Detalla que programas como “Renovar sin dejar de producir”, impulsado por el Instituto Hondureño del Café (IHCAFE), buscan elevar los rendimientos.
“Un productor que pasa de 17 a 30 quintales por manzana tiene mayor probabilidad de sobrevivencia. Lo ideal es llegar a 40 quintales por manzana. Aunque el precio baje, los costos se diluyen con mayor producción”.
No obstante, reconoce que el respaldo estatal sigue siendo limitado.
“El apoyo viene básicamente de las cooperativas, algo de la banca y los exportadores. El apoyo del gobierno es mínimo”, afirmó.
Además, Barahona plantea que el sector necesita una estrategia permanente de promoción institucional del país para destacar el café hondureño en los mercados internacionales, más allá de la marca Café de Honduras.
“Necesitamos una estrategia institucional permanente que nos permita diferenciarnos como uno de los mejores cafés y obtener mayores precios”, añadió Barahona.
Capacitación y asistencia técnica como estrategia oficial
Francisco Ordoñez, ingeniero y subsecretario de Caficultura, reconoce que el precio es una variable que escapa al control nacional.
“Es la variable más compleja. No está en nuestras manos; el mercado obedece a la oferta y la demanda, como ahora que se proyecta una cosecha récord en Brasil”, señaló Ordoñez.
Ante esa realidad, el Gobierno ha centrado su estrategia en fortalecer capacidades locales.
“Es importante la capacitación masiva para que los productores conozcan cómo funciona la bolsa y puedan organizarse, por ejemplo, a través de cooperativas, para convertirse en exportadores”, explicó.
Entre las medidas anunciadas figura el bono cafetalero dirigido a unos 85,000 productores registrados en el IHCAFE, la revisión de políticas de financiamiento, la entrega de secadoras y el apoyo a iniciativas que acerquen a productores y tostadores, como CAFEXPO 2026.
También destacó el impulso a los cafés de especialidad.
“Cuando el productor se capacita en cafés de especialidad, se le abre la oportunidad de obtener diferenciales sobre el precio. Por eso capacitar es importante”, añadió Francisco Ordoñez.

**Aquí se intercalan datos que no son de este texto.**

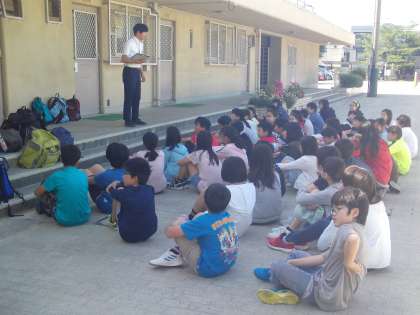 6年生の子どもたちは,笑顔で登校し,今,修学旅行の出発式を終えました。

Los cafés de especialidad, una alternativa ante la volatilidad
En Lepaterique, Francisco Morazán, el productor de cafés de especialidad Miguel Girón afirma que la diferenciación ayuda a mitigar el impacto de los precios bajos.
“La producción de cafés de especialidad tiene muchas ventajas: hay mejores precios e incluso mejora la calidad de vida. Es importante que el productor entienda cómo manejar la parte ambiental, el suelo y el procesamiento. Estamos acostumbrados a cortar el café, venderlo y que nos paguen”, explicó Girón.
Recientemente, Miguel recibió la visita de su comprador estadounidense, quien recorrió la finca y revisó los procesos de producción. Durante la visita también se entregaron útiles escolares a niños de la comunidad donde se ubica la Finca Las Alondras, de la familia Girón, lo que evidencia cómo la actividad cafetalera puede generar impacto social además del económico.
“El precio final no nos afecta tanto. Cuando los precios bajan, todos buscan alternativas como los cafés de especialidad”, afirmó Girón.
Perspectivas de mayor estabilidad para 2026
CONAB y la Organización Internacional del Café coinciden en que la disminución de las preocupaciones sobre el suministro mundial y el aumento de las exportaciones podrían ofrecer un alivio gradual en los precios durante 2026.
Aunque la volatilidad seguirá siendo parte del mercado, las proyecciones apuntan a un escenario de mayor estabilidad respecto al año anterior.
Para Honduras, el reto estructural permanece: producir con mayor eficiencia, fortalecer la organización del sector y posicionar su café en mercados diferenciados. En un mercado global que no controla, la competitividad local se convierte en la principal herramienta para sostener ingresos y asegurar la permanencia del productor en la finca.